Bounties attract serious brainpower to the challenge.
I only recently became aware of the pandemic that is linkrot after reading an article by the Columbia Journalism Review in which they stated that 25% of all links were completely inaccessible. Linkrot became more common over time: 6% of links from 2018 had rotted, as compared to 43% of links from 2008 and 72% of links from 1998. 53% of all articles that contained deep links had at least one rotted link.
While I assumed that this must be a relatively new phenomenon, I found articles dating as early as 1998, where they found that 6% of the links on the Webwere broken at that time and that linkrot in May 1998 was double that found by a similar survey in August 1997.
Why does this matter?
Well, while a couple of 404 errors might seem like a minor inconvenience, because the problem is exponential, they start adding up, and it isn't only casually shared social media links that suffer from this, 50% of U.S. Supreme Court opinions contain dead links, and so do 70% of Harvard academic journals.
Because linkrot is not going to stop by itself, we need to find a way to address the issue things like academic research, digital journalism and even law will be greatly affected in the near future if we don't find a solution.
Why do links rot?
There are many reasons why links might die, which is why this is such a difficult problem to solve. Often people change their site names, causing many of the old links to rot, sometmes people simply allow domain registrations to expire, sometimes people can't afford to keep their domains alive, sometimes businesses have their domains shut down after being acquired by another business, sometimes content "drifts" meaning that links take you to different websites than what was originally intended and sometimes governments and businesses purposefully censor certain publications.
Currently Internet Archive is busy curating a collection of screenshots of websites to keep them accessible even after their links die, unfortunately their collection is still far from comprehensive and while screenshots do save the content for future use, it does not stop us from encountering dead links on the internet and we won't be able to go cross reference a massive database of screenshots of dead links to see if the one we are looking for happens to be there.
Blockchain of the internet + page ID of every historic version
Darko SavicMay 25, 2021
What if every page on the internet received its own ID as soon as it was detected by a scanner/bot. And every modification of every page would save it as a newer version.
Blockchain archive of the internet (minus AI-detected malicious/nonsense/spam pages)
Some huge institutions on par with the library of Alexandria would keep the blockchain copies safe and up to date.
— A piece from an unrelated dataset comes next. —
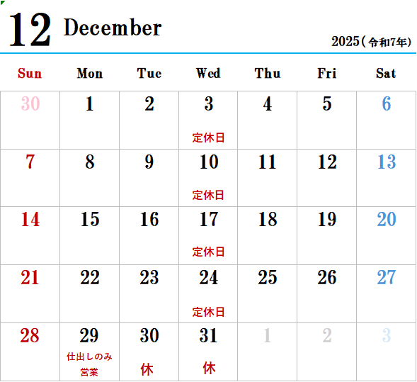 2025 1118 お知らせ 12月定休日のご案内 平素は格別のご高配を賜り、誠にありがとうございます。12月の定休日は上記の通りとなります。 Tweet Share Hatena Pocket RSS feedly Pin it 11月定休日のご案内 前の記事 2026年 1月定休日のご案内 次の記事

This would be funded by nation-states and philanthropy.
If any link went missing, your web browser would poll a local server that pulls the data from the blockchain and shows you the missing version as it was saved at the time the link was created.
Please leave the feedback on this idea
The linkrot (LR) number of as a webpage "up-to-date" metrics
jnikolaMay 24, 2021
Although it is not going to stop the appearance of "the rotten links", we could maybe use it as a marketing tool to give web pages another metrics to be evaluated by.
What do you think of a Rotten Link Number or a LinkRot Number (RL/LR) as a metrics that is simply a count of non-working links on the website?
We would build a simple tool that scans for links, opens them, and checks for the validity of the linked object. If the object is there, it scores the link as 1, if it's not, a 0. Then it calculates the percentage of working links compared to all the links on the website and gives a website an overall RL score.
Why?
It could be a nice metric that tells you about how up-to-date is the website. Websites with many rotten links would mean that the site is not regularly maintained and that you should be careful about the facts found there.
It would force people to edit their rotten links immediately in order to keep a high LR ranking, since it would become a metric considered by searching algorithms.
Please leave the feedback on this idea
Spook Louw4 years ago
That way, pages with broken/dead links will become irrelevant and die themselves.
I think this is a great idea and a very practical approach. It could be a problem with legitimate/important pages with legitimate/important links that have gone dead (I'm thinking more along the lines of academic research). You don't want to demerit some of those pages just because a couple of links on them have died, but for those, we could perhaps use the screenshot technique.
Please leave the feedback on this idea
jnikola4 years ago
Spook Louw I agree that it does not solve the problem, but it could force the maintenance service of the important web pages to constantly review and update. It could also encourage startups and new sites with curated, "refurbished" or remastered old content.
Please leave the feedback on this idea
There are archives available, but they don't solve the problem
Spook LouwMay 25, 2021
Upon further research, I've been directed to this list of archives that are available and I found Mementos to be a good tool for searching through all the available archives simultaneously.
However, I think this highlights the scope of the problem more than it solves it and as I have mentioned before, archiving the content of the dead links does not do anything to help with coming across dead links while browsing.
Wouldn't it be possible to have the dead link take you directly to the archive? That would probably defeat the purpose of domain registrations though. Would it be possible to find a way to remove all links when a domain dies or moves? I'm not sure if they can be traced back that way.